Oral | Tuesday, 10 Sep, 16:55–17:05 (CEST)| Room Jupiter (Hörsaal A)

Observed seasonal changes in Martian hydrogen chloride explained by heterogeneous chemistry

Benjamin Taysum1,2, Paul Palmer1,2, Kevin Olsen3, Mikhail Luginin4, Nikolay Ignatiev4, Alexander Trokhimovskiy4, Alexey Shakun4, Alexey Grigoriev5, Franck Montmessin6, and Oleg Korablev5
Benjamin Taysum et al.
  • 1School of GeoSciences, University of Edinburgh, Edinburgh, UK
  • 2Centre for Exoplanet Science, University of Edinburgh, Edinburgh, UK
  • 3Department of Physics, University of Oxford, Oxford, UK
  • 4Space Research Institute (IKI), Moscow, Russia
  • 5Research School of Astronomy and Astrophysics, Australian National University, Canberra, ACT 2611, Australia
  • 6LATMOS/IPSL, UVSQ Université Paris-Saclay, Sorbonne Université, CNRS, Guyancourt, France

 Introduction

The observations of atmospheric hydrogen chloride (HCl) reported in Korablev et al. (2021), Olsen et al. (2021), and Aoki et al. (2021) by the ACS and NOMAD instruments aboard the ExoMars Trace Gas Orbiter (TGO) marked the first detection of a halogen gas on Mars.
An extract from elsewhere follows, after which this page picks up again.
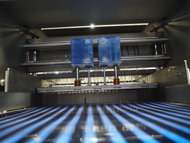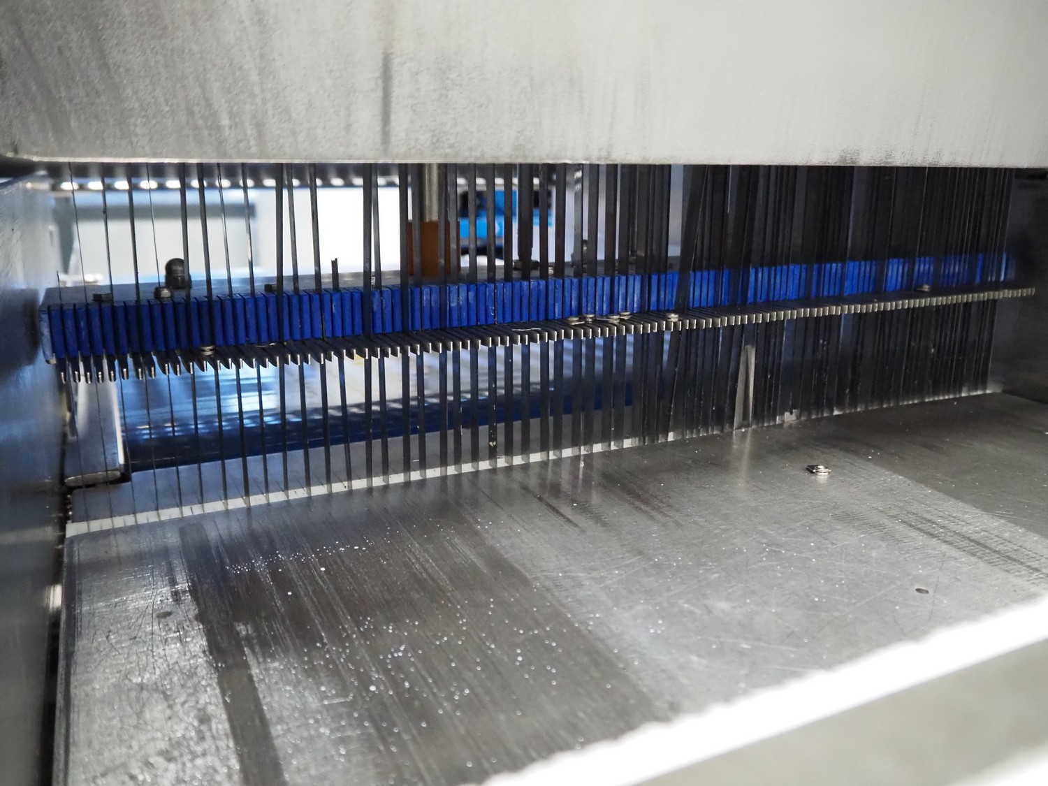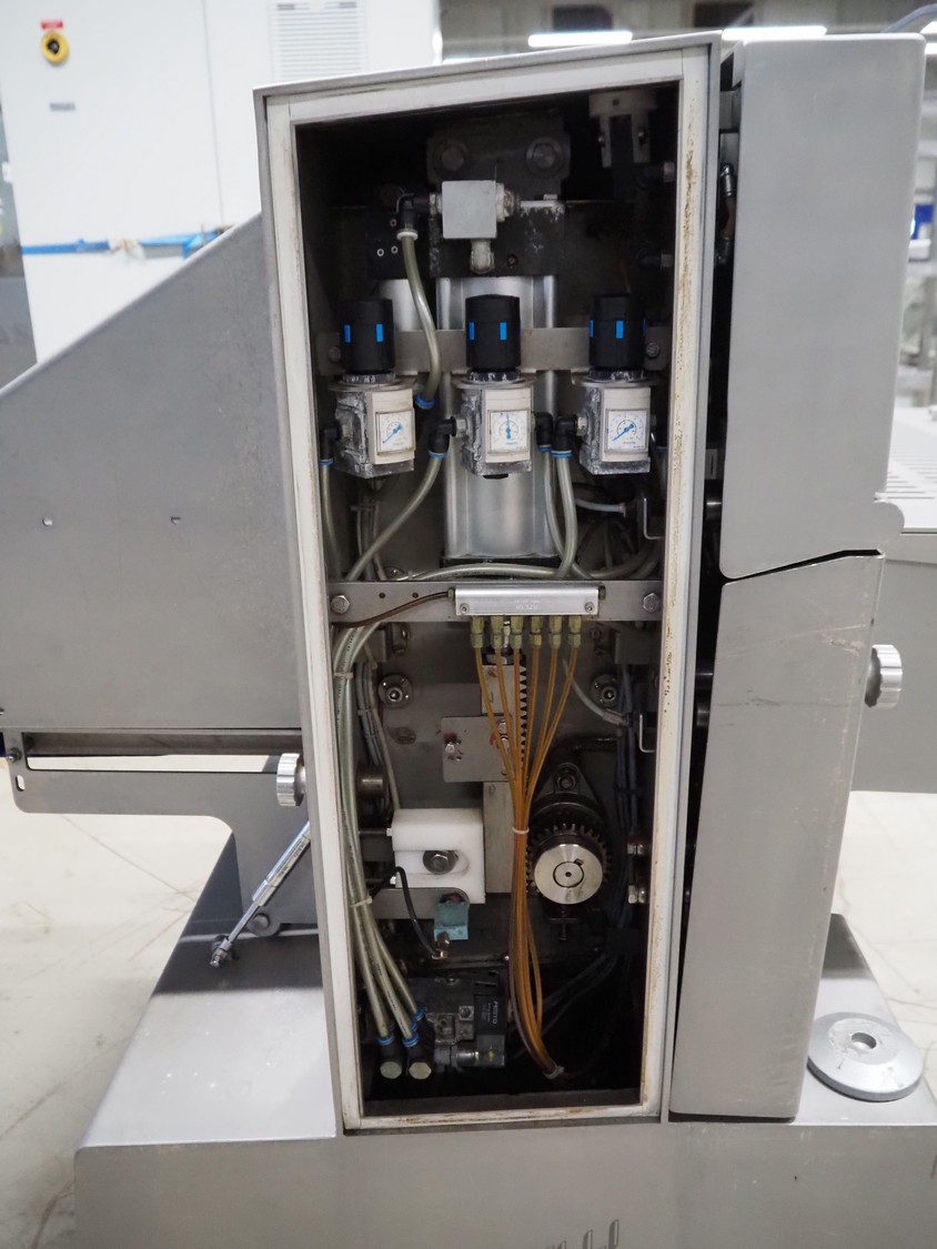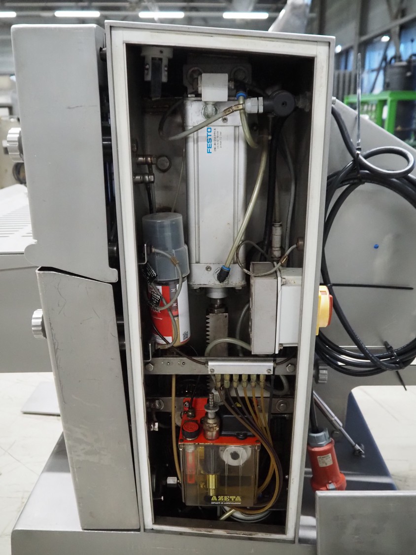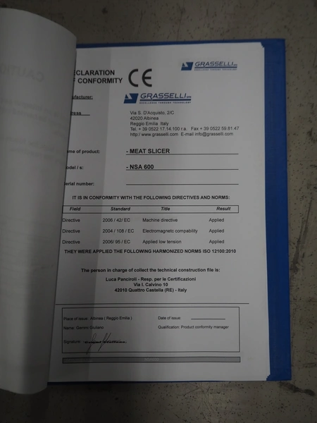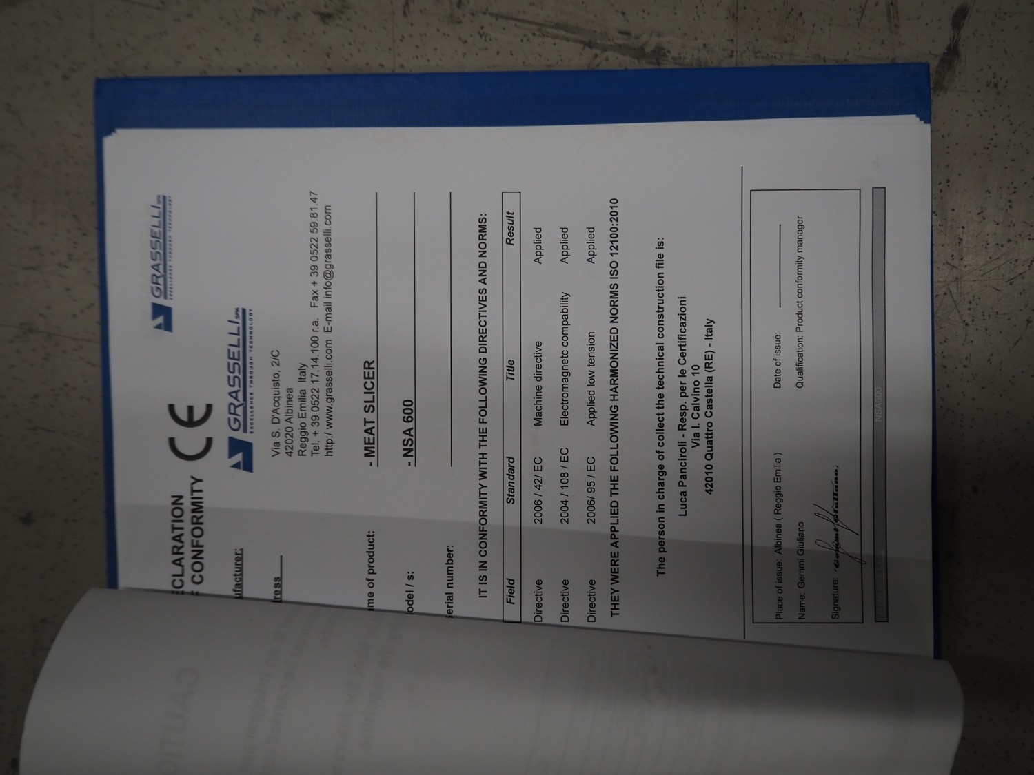 Grasselli SpA slicer, model: NSL 600, serial number: Y13003/839, year of construction: 2008, 400 V, 3 Ph, 50 Hz, 4 kW, working width: 610 mm, distance between knives: 20 mm, plastic belt, belt width: 540 mm, total dimensions: 1500 mm x 1200 mm x 1500 mm. Some knives are broken.

Its annual appearance, and subsequent disappearance, is observed as being linked to the seasonal cycles of water vapour and airborne dust according to TGO observations taken across three Martian Years (MY34–36; Olsen et al. 2024). The source of HCl is still debated. It is a gas that is commonly associated with marine boundary layer chemistry and volcanic outgassing on Earth – with no surface ocean and little evidence for volcanic outgassing at the Martian surface, HCl’s correlations with water vapour and dust and anti-correlations with water ice (Luginin et al. 2024) point to gas-solid (heterogeneous) chemical reactions in the atmosphere as its source, as well as its chemical loss. In this work (Taysum et al. 2024, Astronomy and Astrophysics), we present a possible heterogeneous chemistry network that can reproduce the observed vertical profiles of HCl during MY 34, its anti-correlation with water ice, and study its consequences for the photochemical lifetime of methane (CH4) – the elusive compound that TGO instruments have not yet been able to observe (Korablev et al. 2019, Knutsen et al. 2021) despite the past reports from the Curiosity Rover on the surface (Webster et al. 2015, 2018).

Methodology

We have equipped a 1-D photochemistry model, extracted from the Open University version of the LMD GCM, with 14 gas-phase chlorine species. 68 gas-phase reactions and 9 photolysis reactions are included, and the heterogeneous uptake of HCl onto water ice and calcium carbonate in dust grains is included using reaction rates parameterised in previous laboratory studies. Chlorine (Cl) and oxygen (O) atoms are released by interactions of hydrated perchlorate in airborne dust with UV radiation, as observed in the experimental chamber study of Zhang et al. 2022. Atmospheric profiles of temperature and pressure, and long-lived species such as CO2, CO, O2, and H2, are interpolated from the Mars Climate Database v6.1 across latitude, planet longitude, altitude, local time, and solar longitude. 77 ACS MIR observations of HCl through MY 34 are studied using approximately colocated (+/- 5o latitude, +/- 10o solar longitude) water ice and dust profiles retrieved by the ACS TIRVIM channel and water vapour profiles retrieved by NOMAD or the ACS NIR channel to drive the 1-D model.

Results

Using our 1-D photochemical model, we find that the release of Cl and O atoms from hydrated perchlorate in airborne dust, and the subsequent fast uptake of HCl onto water ice, is consistent with the spatial and temporal variations of HCl observed by ACS MIR in MY 34 (Olsen et al. 2021) in the 1-D model. Structured atmospheric layers of HCl are also formed where “holes” exist in the vertical profiles of water ice in our model, a phenomena reported by Luginin et al. (2024) when analyzing ACS TIRVIM observations. The resulting HCl profile shapes also share a strong resemblance to the water vapour profiles used in the model, a feature similarly observed by TGO instrumentation (Aoki et al. 2021). As a consequence of the Cl atoms released via our proposed mechanism, the atmospheric lifetime of methane in the Martian atmosphere can be shortened by two orders of magnitude – this could help to reconcile the reported detections of methane at the surface of Gale Crater by Curiosity (Webster 2015; 2018 and Giuranna et al. 2019) with the non-detections in the atmosphere reported by TGO instrumentation (Korablev et al. 2019, Knutsen et al. 2021).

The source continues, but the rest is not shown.